The Ionic School The Ionic School of Epic poetry was, as we have seen, dominated by the Homeric tradition, and while the style and method of treatment are Homeric, it is natural that the Ionic poets refrained from cultivating the ground tilled by Homer, and chose for treatment legends which lay beyond the range of the "Iliad"and "Odyssey". Equally natural it is that they should have particularly selected various phases of the tale of Troy which preceded or followed the action of the "Iliad" or "Odyssey". In this way, without any preconceived intention, a body of epic poetry was built up by various writers which covered the whole Trojan story. But the entire range of heroic legend was open to these poets, and other clusters of epics grew up dealing particularly with the famous story of Thebes, while others dealt with the beginnings of the world and the wars of heaven. In the end there existed a kind of epic history of the world, as known to the Greeks, down to the death of Odysseus, when the heroic age ended. In the Alexandrian Age these poems were arranged in chronological order, apparently by Zenodotus of Ephesus, at the beginning of the 3rd century B.C. At a later time the term "Cycle", `round' or `course', was given to this collection.
Of all this mass of epic poetry only the scantiest fragments survive; but happily Photius has preserved to us an abridgment of the synopsis made of each poem of the "Trojan Cycle" by Proclus, i.e. Eutychius Proclus of Sicca.

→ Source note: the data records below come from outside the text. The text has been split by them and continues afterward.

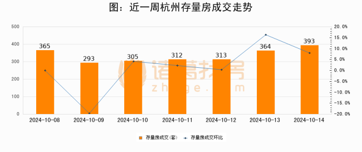 从存量房来看,2024年10月14日杭州存量房单日成交393套,比昨日增加29套,环比上涨8%。从近一周存量房成交来看,杭州存量房日均成交套数为335套,10月14日单日成交393套,高于近一周平均水平17.3%。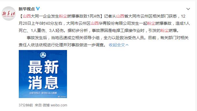 據山西省大同市雲州區相關部門透露,12月28日上午8時40分左右,大同市雲州區山西華青股份有限公司發生一起粉塵燃爆事故,造成1人死亡、1人重傷、3人輕傷。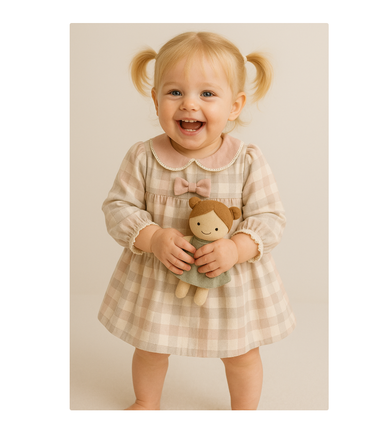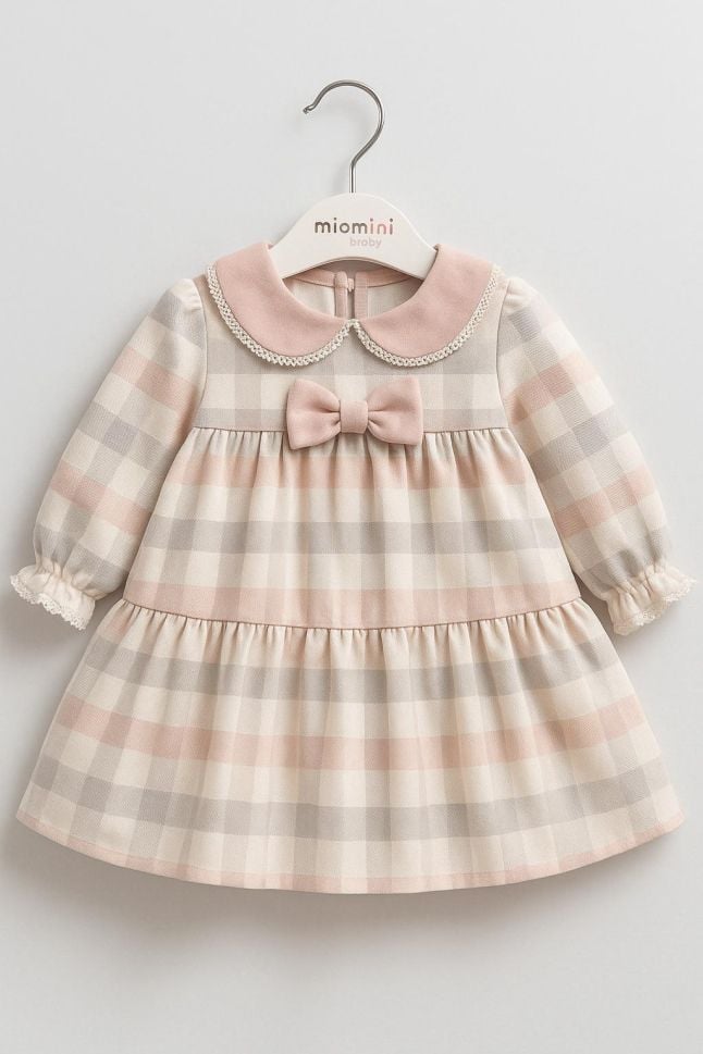 Model: Rochiță cu carouri pastelate (bej, roz pal, gri deschis).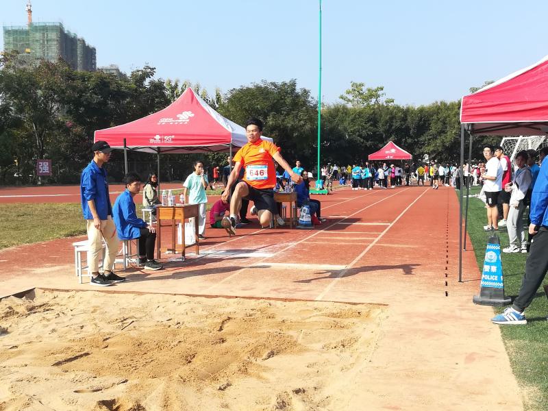 今日上午8:30我系学子李家庆、吕前阳、候艺盟、何世平、袁踏凌、邹敏志、刘庭希、翁小源与杨雨欣、刘佳琪分别参加了男子三级跳远和女子三级跳远并与我校其他系部的同学共同竞争名次,为系部争取荣誉。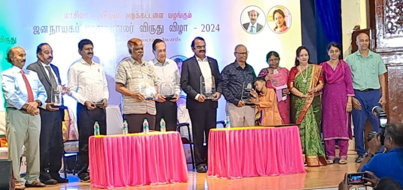 In the event organised by Masila Vijaya Arakattalai, Mylswamy Annadurai,former Director,India Space Research Organisation (ISRO) handed over the awards to the recipients and spoke about the importance of democracy and the crucial role played by the four pillars of democracy.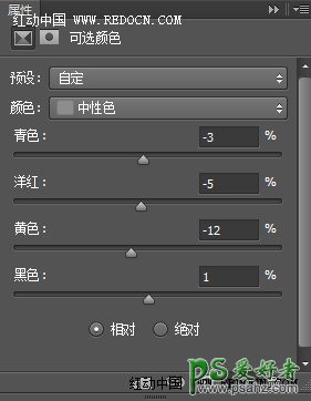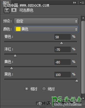 14、新建可选颜色调整图层,对黄色和中性色进行调整,如图所示。
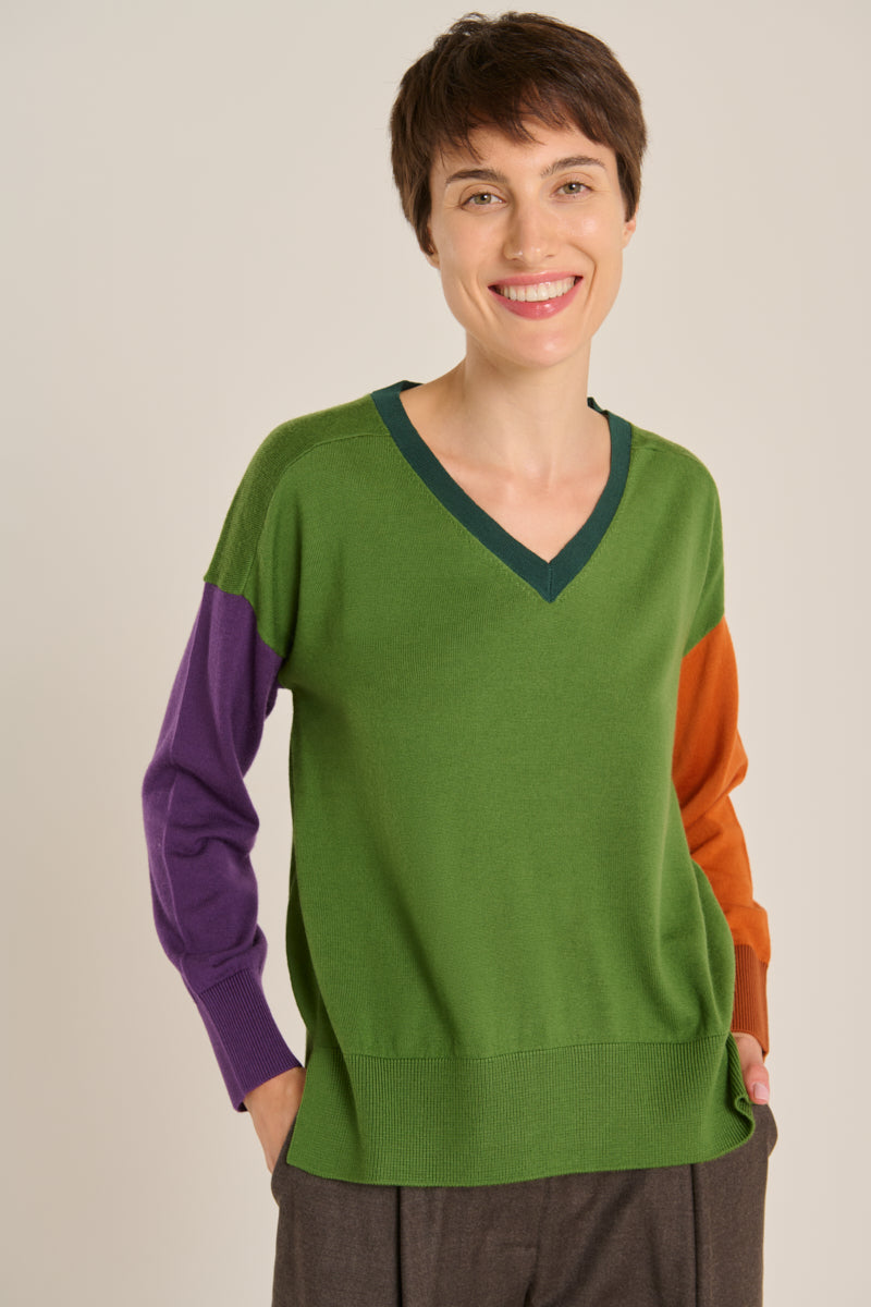 Jersey de punto cuello pico en color verde. Mangas a contraste en tonos caldero y morado y cuello en verde hoja. Composición: 100% Lana Merino extrafina. Tallaje Italiano. Hecho en Italia.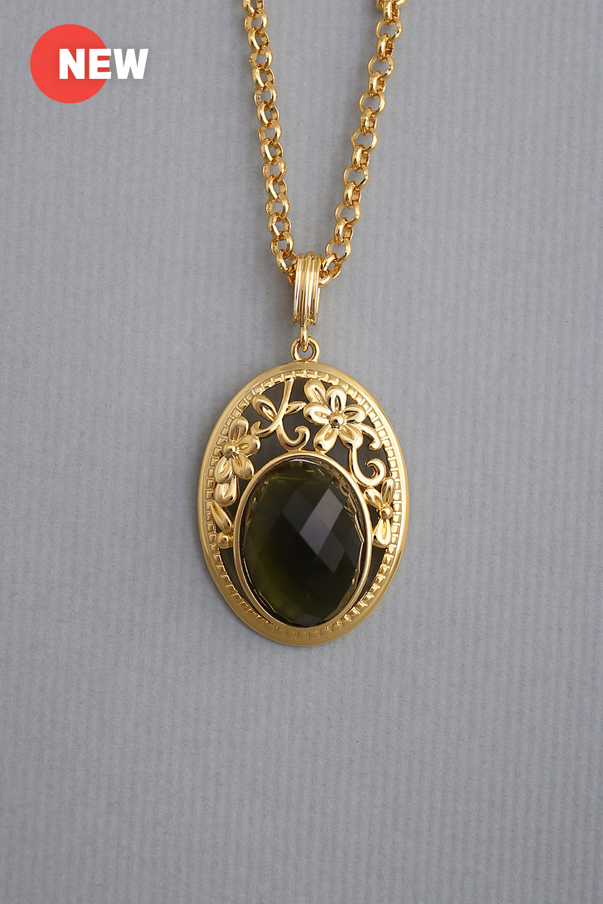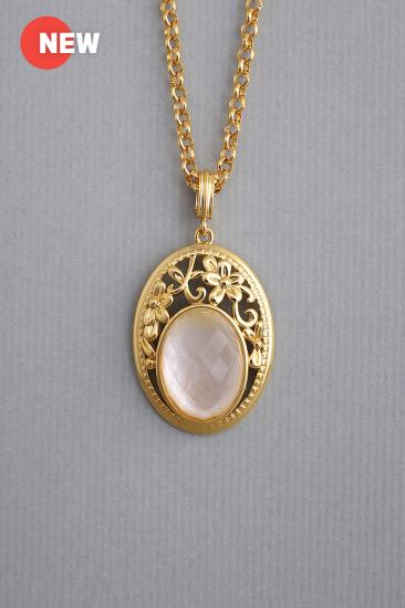 Description : Filigree oval pendant with delicate flower metal work brings glamour,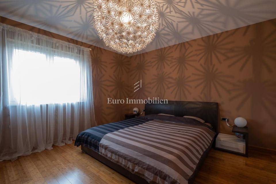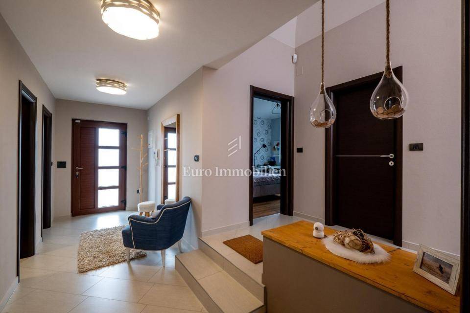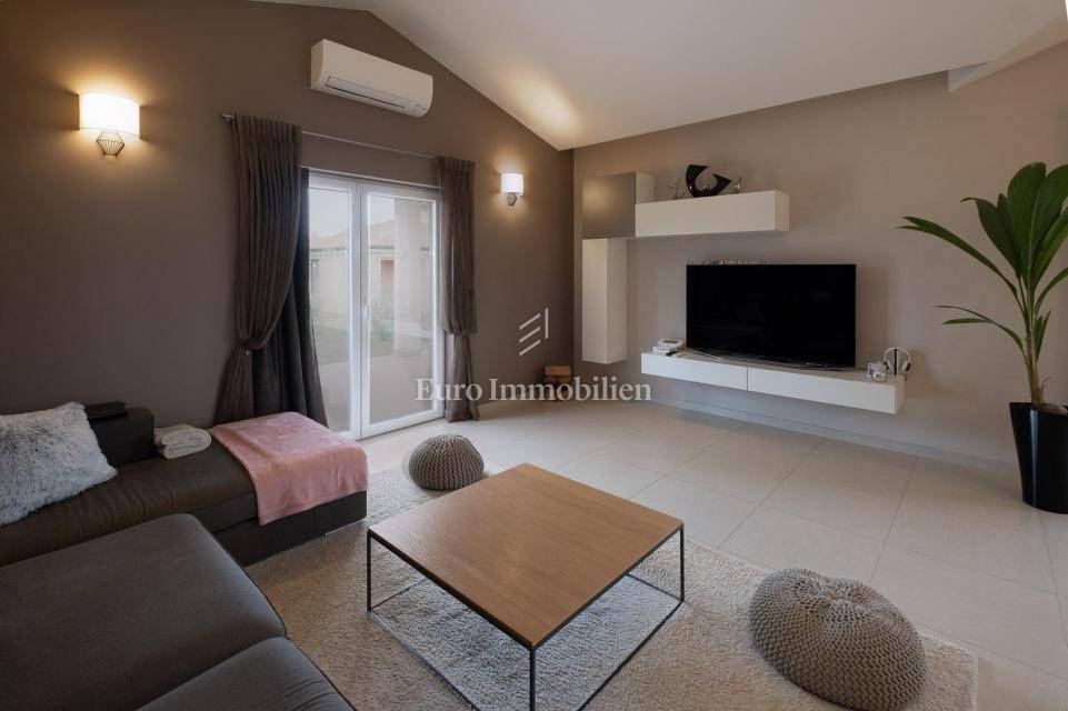 Kuća, površine 157m2, je prizemnica i sastoji se od 3 sobe, 2 kupaonice, open space dnevnog boravka, blagovaonice i kuhinje, ostave i dvije terase.

The pre-Trojan poems of the Cycle may be noticed first. The "Titanomachy", ascribed both to Eumelus of Corinth and to Arctinus of Miletus, began with a kind of Theogony which told of the union of Heaven and Earth and of their offspring the Cyclopes and the Hundred-handed Giants. How the poem proceeded we have no means of knowing, but we may suppose that in character it was not unlike the short account of the Titan War found in the Hesiodic "Theogony" (617 ff.).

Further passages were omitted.